Well, needless to say, after about a week of that I had made it soooo much worse that one day while I was running it kind of popped and well, that was the end of that. I couldn’t run for FOUR MONTHS. Bummer. And still to this day, over 10 years later, my left hamstring is still so sensitive that it pulls if you look at it funny. UGH.
So last week someone must have looked at it funny, because WHOA it was giving me a HELL of a time. I mean, it was bad. BAD bad. Like, I was almost in tears in class BAD. Not as much from pain, although it hurt plenty, but more because it is SO FREAKING FRUSTRATING to be MODIFYING your practice when you really want to be IMPROVING your practice! And it was really at the point where my brain was starting to panic and I was getting all OMMIGOD IT HURTS SO MUCH AND IT’S BEEN INJURED SO LONG AND IT’S NEVER GOING TO HEAL AND I’M NEVER GOING TO BE ABLE TO DO A SIT UP WITHOUT BENDING MY KNEES AND I’M GOING TO HAVE TO MODIFY FOREVER AND JESUS CHRIST I WOULD RATHER JUST BE DEAD THAN HAVE TO LIVE WITH THIS STUPID HURTING INJURED DUMB HAMSTRING ANYMORE!
And then the world’s smallest violin started playing an angsty bit of Beethoven—you know, one of those pieces he wrote after he realized he was going deaf—and I wept bitter, bitter, salty tears.
But wait! This story actually has a silver lining—nay, a Happy Ending! My hamstring has finally started to heal and is feeling so much stronger! At least in part because…
I took this AMAZING ‘Flexibility And Contortion’ class at a pole dancing studio in Chelsea! Wait—WHAT?! Pole dancing?!
Yes, pole dancing. I am obsessed. But we’ll get to that another time. For now, the least you need to know is that the studio I go to—which happens to be run by a bunch of US and world champion pole dancers (NOT kidding)—doesn’t just have pole classes, they have tons of other aerial/acrobatic class offerings too. One of which was this “Flexibility & Contortion” one that I took last weekend.
I was a little nervous, given the severity of my hamstring situation and also the use of the word “contortion” in the title, but HOLY HELL you guys, it was freaking AWESOME! It was like all the good, fun parts of a yoga class, all smooshed together. It was NOT easy. Not at all. It was definitely WORK. But the awesome thing is that the teacher really focused on HOW to work, and how to work SAFELY. My hamstring actually felt STRONGER when I left than when I went in! WOW!
And the backbending segment of class? AWESOME. I had NO idea I could backbend like that, and it felt soooo good!
And then we worked on piking into handstands… which was… somewhat less successful for me. But you know, there were girls in there that were totally doing it! Granted, they were full on acrobats, but it made it seem attainable! Like it could actually be a realistic goal! And that was exciting.

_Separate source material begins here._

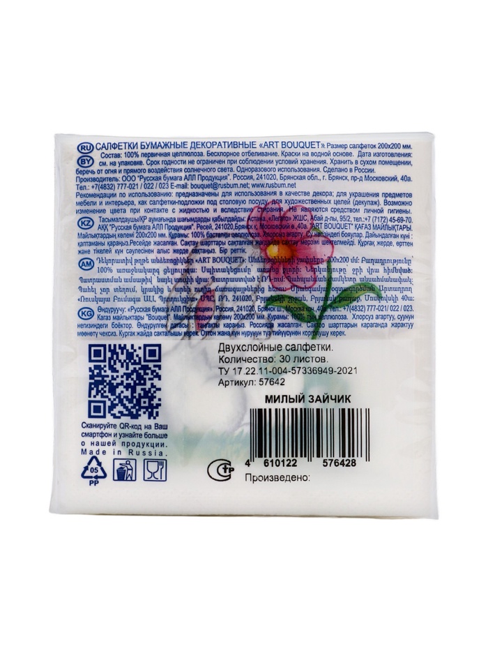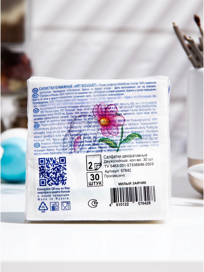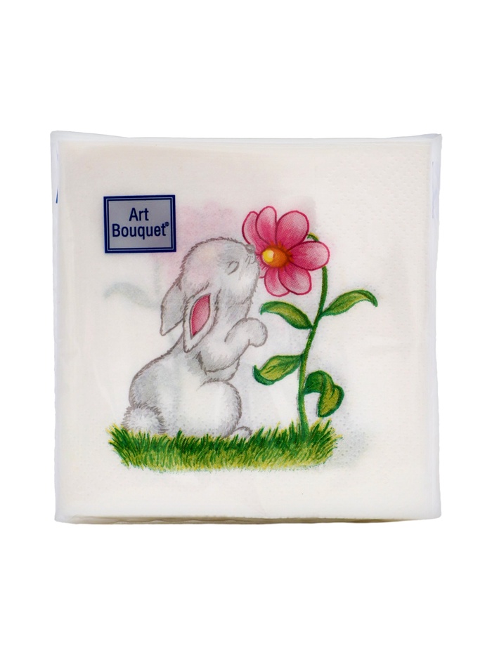 Пасхальные сервировочные бумажные салфетки Art Bouquet с рисунком «Милый зайчик» - это отличное украшение для вашего праздничного стола. Идеально подойдут как для сервировки, так и в качестве декора и украшения в домашних условиях или на больших мероприятиях. Праздничные салфетки с пасхальным рисунком будут хорошим подарком для родных и близких. Данные салфетки можно использовать так же для декупажа и коллажей.
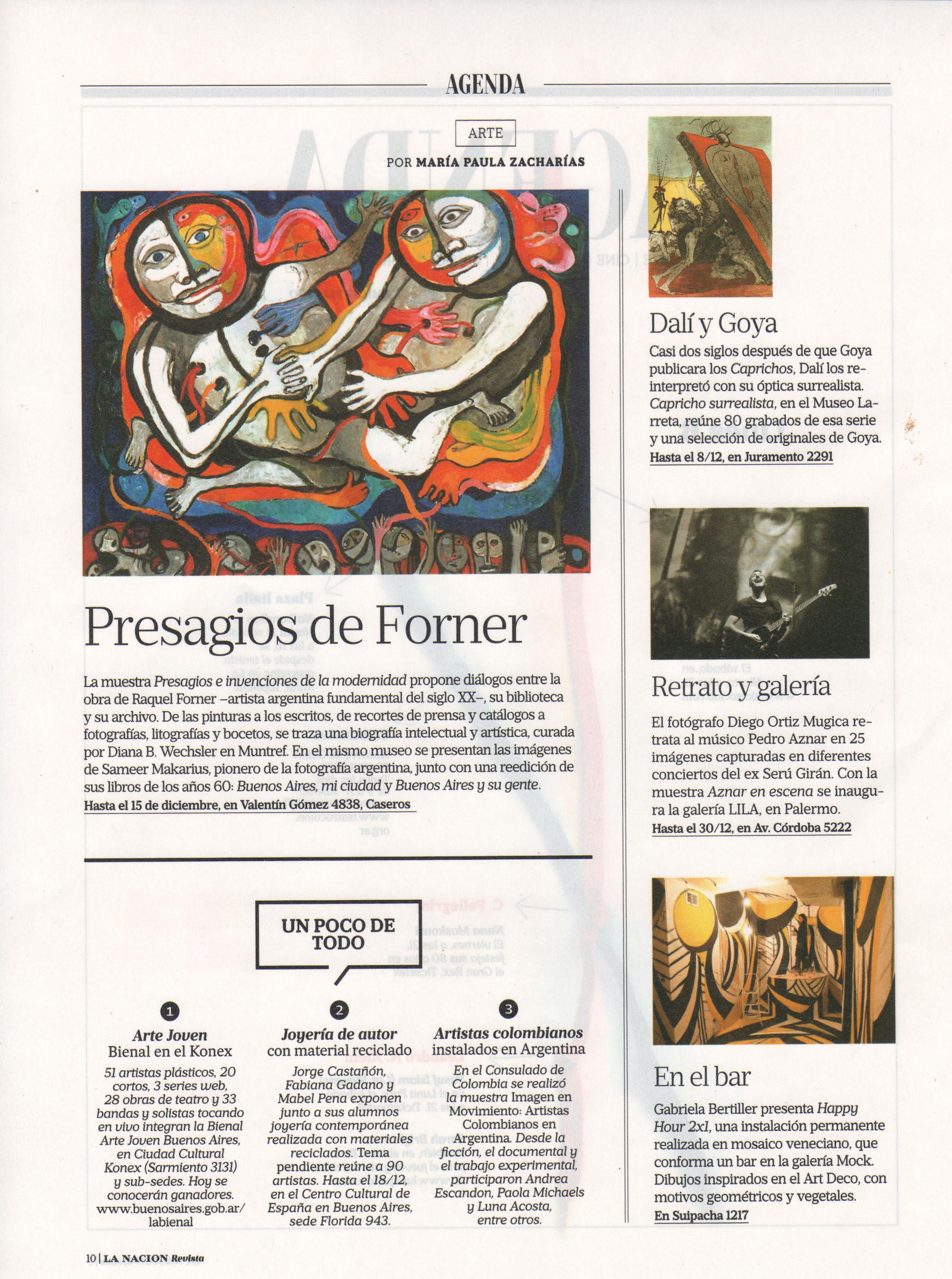 La muestra Presagios e invenciones de la modernidad propone diálogos entre la obra de Raquel Forner, artista fundamental del arte argentino del siglo XX, su biblioteca y su archivo. De las pinturas a sus escritos, de los recortes de prensa y catálogos a sus fotografías, litografías y bocetos, se traza una biografía intelectual y artística, curada por Diana B. Wechsler en MUNTERF. Pintora, escultora y profesora de dibujo, integró el movimiento Grupo Florida, y entre otros premios, ganó la medalla de oro en la Exposición Internacional de París en 1937. Su arte pasó del naturalismo a un expresionismo muy personal, por momentos cercana al surrealismo, entre la gestualidad y automatismo. En 50 pinturas, dibujos y grabados, Forner es testigo de la modernidad, retrata los males del mundo e imagina utopías liberadoras en el espacio, entre astroseres y alienígenas. En el mismo museo se presentan las fotografías de Sameer Makarius, pionero de la fotografía argentina, junto con una reedición de sus libros de los años ‘60: Buenos Aires, mi ciudad y Buenos Aires y su gente.

Equally exciting? I’ve been applying the ideas in Bikram all week and my hamstring feels AWESOME. If you live in or near NYC you should totally try this class, at least once! Contact me, I’ll give you the info! And prepare to be AMAZED. Also, sore. You will be SO sore. But in a GOOD way.
I’m still not locking out my Standing Bow! I know this is hardly news. But I swear to jesus, I’m at least a millimeter closer than I was a month ago! And while that achievement may be almost imperceptibly small, I think it’s still something to celebrate.